**PROBLEM DESCRIPTION:** Taking the line with "植物の発芽と成長の学習をして" as the first and the line with "A nivel de crecimiento" as the last, set down the lines below exactly, pictures excluded.

**RECORDS SHOWN:**
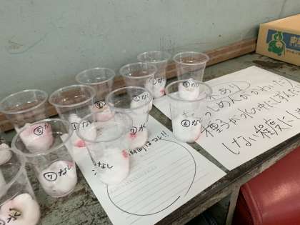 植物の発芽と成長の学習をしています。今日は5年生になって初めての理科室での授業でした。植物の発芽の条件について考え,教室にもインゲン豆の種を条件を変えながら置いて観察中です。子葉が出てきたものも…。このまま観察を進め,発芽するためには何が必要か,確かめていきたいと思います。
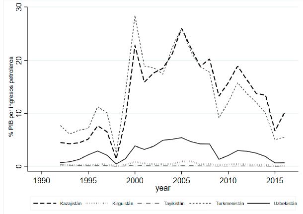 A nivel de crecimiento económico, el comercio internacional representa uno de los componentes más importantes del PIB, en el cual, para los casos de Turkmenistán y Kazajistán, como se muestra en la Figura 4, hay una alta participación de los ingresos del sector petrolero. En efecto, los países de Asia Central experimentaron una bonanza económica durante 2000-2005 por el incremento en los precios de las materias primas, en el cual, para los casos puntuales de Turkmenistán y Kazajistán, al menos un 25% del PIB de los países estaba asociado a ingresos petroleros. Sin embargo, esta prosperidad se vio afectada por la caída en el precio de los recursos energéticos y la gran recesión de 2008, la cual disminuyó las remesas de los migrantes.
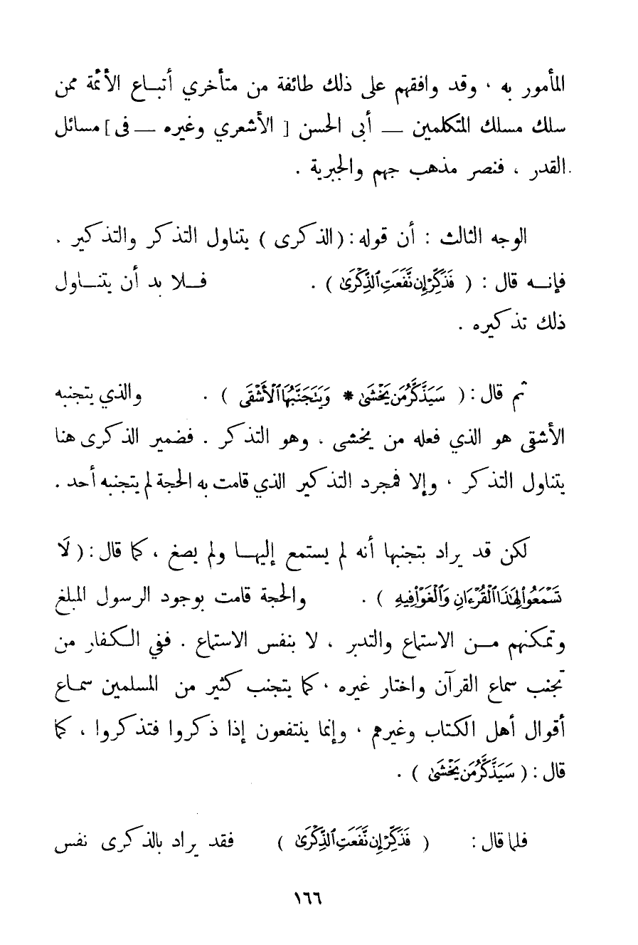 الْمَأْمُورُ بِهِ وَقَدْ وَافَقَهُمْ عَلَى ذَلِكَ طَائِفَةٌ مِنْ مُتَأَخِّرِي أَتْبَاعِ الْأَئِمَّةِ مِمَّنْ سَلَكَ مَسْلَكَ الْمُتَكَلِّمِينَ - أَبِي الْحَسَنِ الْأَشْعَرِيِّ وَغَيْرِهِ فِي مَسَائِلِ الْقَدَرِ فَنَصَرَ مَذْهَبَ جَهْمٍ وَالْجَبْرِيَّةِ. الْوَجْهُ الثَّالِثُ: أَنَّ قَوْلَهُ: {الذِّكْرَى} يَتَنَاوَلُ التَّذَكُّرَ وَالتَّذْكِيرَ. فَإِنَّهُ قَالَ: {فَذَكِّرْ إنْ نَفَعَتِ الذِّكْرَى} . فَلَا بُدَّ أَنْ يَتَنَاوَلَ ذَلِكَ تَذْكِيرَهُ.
---
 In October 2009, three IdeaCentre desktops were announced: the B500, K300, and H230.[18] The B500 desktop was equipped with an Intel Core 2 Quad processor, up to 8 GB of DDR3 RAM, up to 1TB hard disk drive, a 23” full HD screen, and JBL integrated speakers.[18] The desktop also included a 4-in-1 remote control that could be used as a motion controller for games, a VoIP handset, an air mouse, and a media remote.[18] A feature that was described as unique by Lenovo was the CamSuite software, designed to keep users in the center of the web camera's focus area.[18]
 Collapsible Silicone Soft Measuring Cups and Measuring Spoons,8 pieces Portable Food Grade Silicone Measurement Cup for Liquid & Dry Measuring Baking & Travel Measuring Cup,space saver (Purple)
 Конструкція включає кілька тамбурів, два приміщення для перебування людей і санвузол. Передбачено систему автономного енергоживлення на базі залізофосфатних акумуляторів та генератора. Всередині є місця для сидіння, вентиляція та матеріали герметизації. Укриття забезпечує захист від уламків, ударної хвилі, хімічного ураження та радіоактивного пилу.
---
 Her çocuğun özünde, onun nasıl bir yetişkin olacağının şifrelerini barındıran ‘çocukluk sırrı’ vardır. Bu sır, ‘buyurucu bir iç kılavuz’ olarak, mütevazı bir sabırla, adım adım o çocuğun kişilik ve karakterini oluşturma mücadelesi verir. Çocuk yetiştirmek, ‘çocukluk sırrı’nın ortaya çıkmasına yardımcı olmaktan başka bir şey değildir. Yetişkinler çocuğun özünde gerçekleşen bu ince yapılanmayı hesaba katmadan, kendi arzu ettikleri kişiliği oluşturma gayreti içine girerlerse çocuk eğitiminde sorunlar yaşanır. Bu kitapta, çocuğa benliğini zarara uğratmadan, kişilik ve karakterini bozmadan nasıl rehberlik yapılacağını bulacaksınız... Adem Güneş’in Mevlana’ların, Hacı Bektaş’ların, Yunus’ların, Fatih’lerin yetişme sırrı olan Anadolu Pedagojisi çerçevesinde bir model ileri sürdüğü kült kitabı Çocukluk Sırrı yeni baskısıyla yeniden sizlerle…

**REPLY:**
 植物の発芽と成長の学習をしています。今日は5年生になって初めての理科室での授業でした。植物の発芽の条件について考え,教室にもインゲン豆の種を条件を変えながら置いて観察中です。子葉が出てきたものも…。このまま観察を進め,発芽するためには何が必要か,確かめていきたいと思います。
 A nivel de crecimiento económico, el comercio internacional representa uno de los componentes más importantes del PIB, en el cual, para los casos de Turkmenistán y Kazajistán, como se muestra en la Figura 4, hay una alta participación de los ingresos del sector petrolero. En efecto, los países de Asia Central experimentaron una bonanza económica durante 2000-2005 por el incremento en los precios de las materias primas, en el cual, para los casos puntuales de Turkmenistán y Kazajistán, al menos un 25% del PIB de los países estaba asociado a ingresos petroleros. Sin embargo, esta prosperidad se vio afectada por la caída en el precio de los recursos energéticos y la gran recesión de 2008, la cual disminuyó las remesas de los migrantes.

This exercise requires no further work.